Decoupled Drupal Discovery Checklist

Getting ready for a “headless” or decoupled Drupal project? Before starting on your Drupal discovery workshop, review this quick decoupled Drupal checklist to make sure you cover your bases when planning and reviewing any kind of solutions architecture.

In the beginning, it is easy to get lost in the complexity of a decoupled Drupal project. Right now, you’re just trying to build a mental image of the entire system—and doing your best not to get lost in the nitty-gritty details.

This checklist is meant to help catch as many of the finer points of decoupled Drupal planning as possible without duplicating efforts of broader Drupal or web platform planning checklists.

[Drupal Community: This is also not an exhaustive list, and stands to be improved. Please leave a comment if you have some feedback!]

This discovery checklist is not meant to be a replacement for diligent architecture planning and agile requirements specification during your development and build process.

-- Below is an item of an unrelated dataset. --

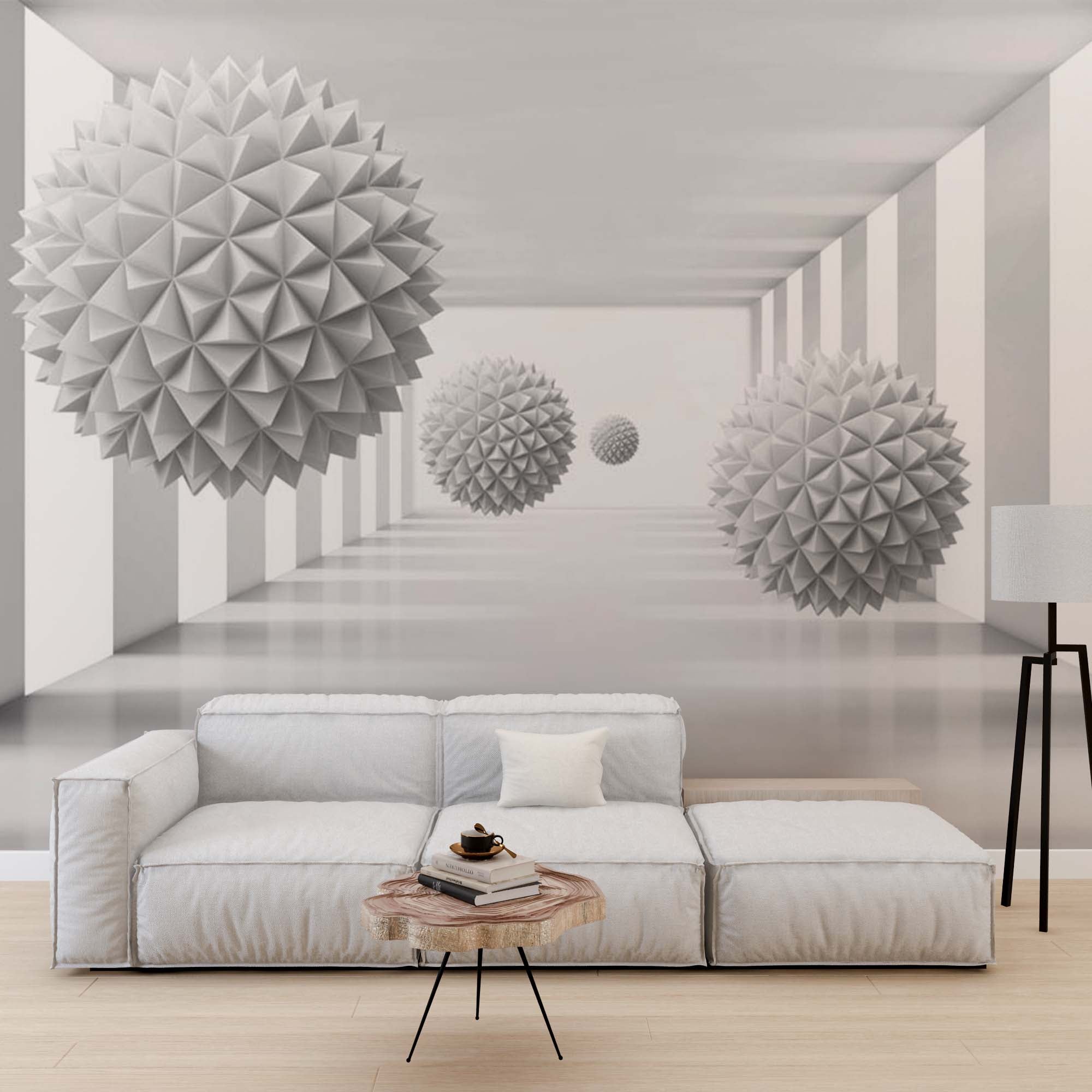 Modern 3D Geometric White Spheres Wallpaper – Featuring intricate spiked sphere designs suspended in a sleek, minimalistic corridor with a futuristic aesthetic. This high-definition wallpaper is perfect for creating a sophisticated and contemporary ambiance in living rooms, offices, or creative spaces. The clean white tones and symmetrical elements add depth and elegance to any wall, enhancing visual appeal. Ideal for modern interior decor enthusiasts looking for unique 3D statement designs

For now, all you should try to do is get a good idea of the rough size of the project, identify any potential risks, and guide the project to a smooth start.

Decoupled Discovery Checklist


It’s important to start with Why?

  • ❏ Why headless?

If there isn’t a direct answer to that, try some of these questions:

  • ❏ Is Drupal a small service in a larger ecosystem?
  • ❏ Is Drupal serving content across a variety of applications?
  • ❏ Are there plenty of capable application developers and limited Drupal resources?
  • ❏ How does a standard Drupal implementation not serve our purpose?
  • ❏ Who are the key stakeholders who are sponsoring this project? Why do they want it?

Once you’ve identified and confirmed the true motivations behind choosing headless, that will help frame the potential decoupled solution and each of these following questions appropriately.


  • ❏ Will this API be publicly accessible?
  • ❏ How will consumers of the endpoints authenticate to use the data?
  • ❏ Will there be endpoints that server different data authenticated users vs. public users?


  • ❏ What layers of caching exist in front of the endpoint consumer (application)?
  • ❏ What layers of caching are allowed in front of the Drupal layer?
  • ❏ Do cache expirations in Drupal endpoints need to trigger expirations in the Application’s caching layer?
  • ❏ What is maximum time to live (TTL) for content on cached feeds?
  • ❏ What actions should trigger a cache invalidation for an endpoint?
  • ❏ What level of variance will each endpoint have? Role, User, Global?
  • ❏ Are there any SLAs for specific API resources across the Drupal RESTful service?


  • ❏ What content strategy will be leveraged? (loaded question, but many insights gained here)
  • ❏ How many different content types?
  • ❏ How many different content variants need to be served? Content variants may be repurposed or trimmed content which is altered based on the device where it is rendered, e.g. iOS Application vs. Website.


When planning to decouple Drupal to primarily serve a single application framework front-end (perhaps Javascript), it is important to carefully consider how the front-end framework will reproduce the features that you usually leverage contributed modules within the Drupal community. All functionality in contrib modules cannot so easily be transferred to a decoupled application.

To this end, you’ll want to inspect:

  • ❏ How is content structured on the page? Can all content be served by one API resource or will multiple API resources power separate widgets?
  • ❏ For each page type:
    • ❏ Map each set of components to potential APIs.
    • ❏ Markup the likelihood of need for API variance based on the design, either for content-, user-, or personalization-variance.1


  • ❏ What pre-existing infrastructure will this Drupal RESTful service interface with?
  • ❏ Who is responsible for engineering the decoupled infrastructure? Hosting? DevOps?


  • ❏ What load will the decoupled Drupal instance serve?
    • ❏ What is the model for user behavior consuming this APIs? Think logins per second vs. pageviews per second.
    • ❏ What load will each of the consumer applications serve?
    • ❏ Will these consumer applications have their own caching layers?
  • ❏ What volume of uncached (unique) and cached requests will be made per second?
    • Action Item: Build a spreadsheet. A model of requests and cacheability per endpoint will really save you heartache down the road.


  • ❏ How will you control access to your API?
  • ❏ What levels of token authentication will the API offer?
  • ❏ Will the API by throttled with request rate limiting?
  • ❏ Are there required levels of security for certain sensitive data? E.g. credit card transactions

URL Paths

  • ❏ Which system owns the URL Paths?
  • ❏ If the URL Paths are owned by Drupal, how should this be exposed to the consumer? At time of request, or is the application coupled and needs a generated list of redirects (Drupal is the true record)?
  • ❏ If the URL Paths are owned by Drupal, can the Application’s routes be set up to match Drupal’s path pattern (pathauto) logic without interfering with routes outside of the areas Drupal is serving content?


1. This is an indicator of cacheability.